Phasing out old coal power stations in favor of renewable energy sources like solar and wind reduces emissions. The electricity sector has seen a notable decline in emissions by 23.7% compared to 2005 levels, which is encouraging. However, this reduction is still small enough to be affected by seasonal changes in Tasmania’s hydropower output.

At least there’s a strategy in place for this energy transition. Progress is happening, albeit slowly.

However, we will need a significantly greater amount of renewable energy in the future. The National Electricity Market may require up to three times its current capacity to meet future energy demands stretching toward 2050.

To generate enough additional green energy for producing green value-added products, a significantly higher output will be necessary.

Australia’s Renewable Energy Challenge

Discussions about transitioning from fossil fuels often overlook their deep integration in daily life.

It’s not just the fuel for our vehicles; it’s also the roads we drive on. It’s not only the power we use in hospitals; it includes the steel that constructs them and the pharmaceuticals we depend on.

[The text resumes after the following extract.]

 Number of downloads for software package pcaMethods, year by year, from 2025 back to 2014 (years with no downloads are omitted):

Around 13% of fossil fuels globally are not burned, but instead, used to create essential chemicals. What’s the alternative?

Clean electricity serves as the solution.

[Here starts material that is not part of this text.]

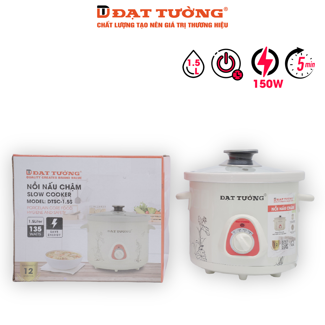 Nồi nấu cháo chậm cho bé, nồi kho cá Đạt Tường 1.5L công suất 135W - Zalo 0935 687 499

We can produce hydrogen from water using electrolysis. This hydrogen can substitute fossil fuels in manufacturing, leading to products like green steel and fertilizers.

When hydrogen is paired with non-fossil carbon sources, it can also create renewable fuels, including sustainable aviation fuel, along with greener petrochemicals for industrial uses, such as ethanol, propylene, and ethylene, which typically come from fossil fuels.

This process requires a lot of energy. Thankfully, Australia possesses all the elements needed to foster a thriving green industry that extends beyond just renewable electricity.

Currently, producing these chemicals without fossil fuels tends to be more expensive. This has led some companies and state governments to scale back their investments in green hydrogen.

People primarily discuss green hydrogen in terms of energy storage or export, but it can also facilitate the shift away from fossil fuels in various sectors. The technology to create these chemicals and products without emissions is progressing steadily toward becoming more cost-effective.

If Australia can successfully transition to fossil-free alternatives for petrochemicals, it could add more value domestically instead of merely exporting raw materials. For instance, we could export finished products like iron instead of just iron ore. We could ship out methanol or ammonia rather than hydrogen, and sell clothing rather than just raw wool.

Can Heavy Industry Shift to Renewables?

Recently, Bowen mentioned some aspects of the 2024 emissions data as “encouraging,” noting that industrial emissions are significantly lower than 2021.

However, this reduction is partly due to a decline in manufacturing output. Australia’s domestic manufacturing base has been consistently shrinking even as fossil fuel extraction has increased.

Without ramping up green manufacturing—by replacing fossil fuel exports with renewable products and fuels—we risk continuing the cycle of high exported emissions and onshore fugitive emissions.

No adjustment to land use can change that reality.